South Korea’s first space probe, Danuri, took off Thursday, August 4, from Cape Canaveral, Florida (US), on a one-year mission, according to images broadcast live on the Internet. Carried by a SpaceX Falcon 9 rocket, the Danuri orbiter (deflation Dwhich means “moon”, and My lightwhich means “have fun”) near the moon in mid-December.
In the launch video, Lee Sang-ryol, president of the Korea Aerospace Research Institute (KARI), said, :
“This is a very important milestone in the history of Korean space exploration. Danuri is just the beginning. If we are more determined and committed to developing space travel technologies, we will be able to reach Mars, asteroids, etc. in the near future.”
During the mission, Danuri will use six different instruments, including a super sensitive camera provided by NASA, which will be used specifically to study the lunar surface in order to identify landing sites for future missions. Danuri must also test, for the first time in the world according to the South Korean government, a new networked satellite communications system that is resistant to disturbances.
K-pop group BTS launches into space
The probe will also attempt to create a wireless Internet environment aimed at connecting satellites or exploration vehicles through space. This connection will be tested by flow the song dynamite From the cult K-pop group BTS.
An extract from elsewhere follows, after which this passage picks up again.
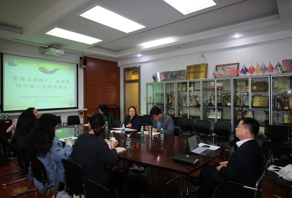 2019年10月17日下午,澳门pg官方电子平台教职工行政党支部在英语楼115会议室召开“坚持立德树人,加强高校行政人员师德建设”教育学习活动。

According to South Korean scientists, Danuri – which took seven years to build and cost about 2 trillion won (1.5 billion euros) – will pave the way for more ambitious goals. South Korea plans to land a probe on the moon by 2030.
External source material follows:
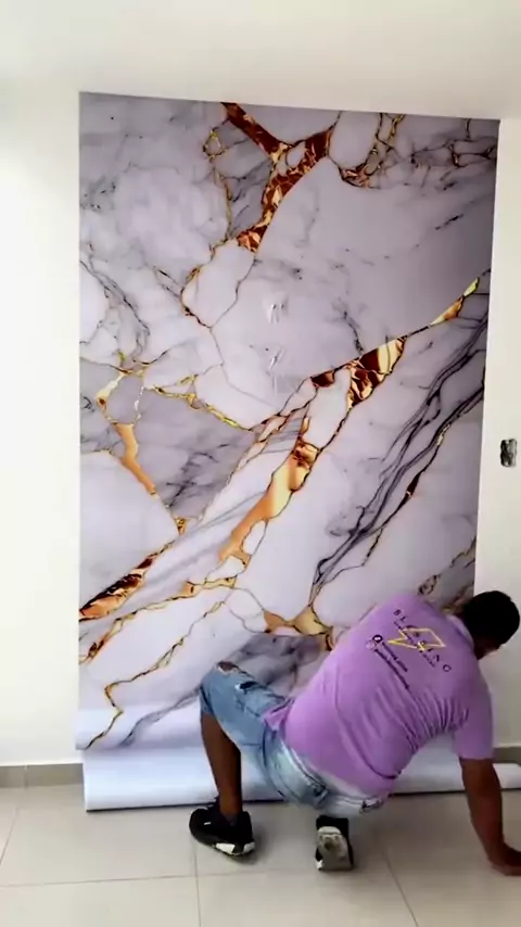5 M Papel de Parede Mármore Dourado e Branco 3D Lavável Adesivo Autocolante para Sala, Quarto

“If this mission is successful, South Korea will become the seventh country in the world to launch an unmanned probe to the moon”An official at the Cary Institute told AFP. “This is a pivotal moment for South Korea’s space development program, and we hope to continue to contribute to the global understanding of the Moon with what Danuri will discover.”he added.
In June, South Korea successfully launched its first domestically designed space rocket, which put several satellites into orbit, after a failure in October 2021.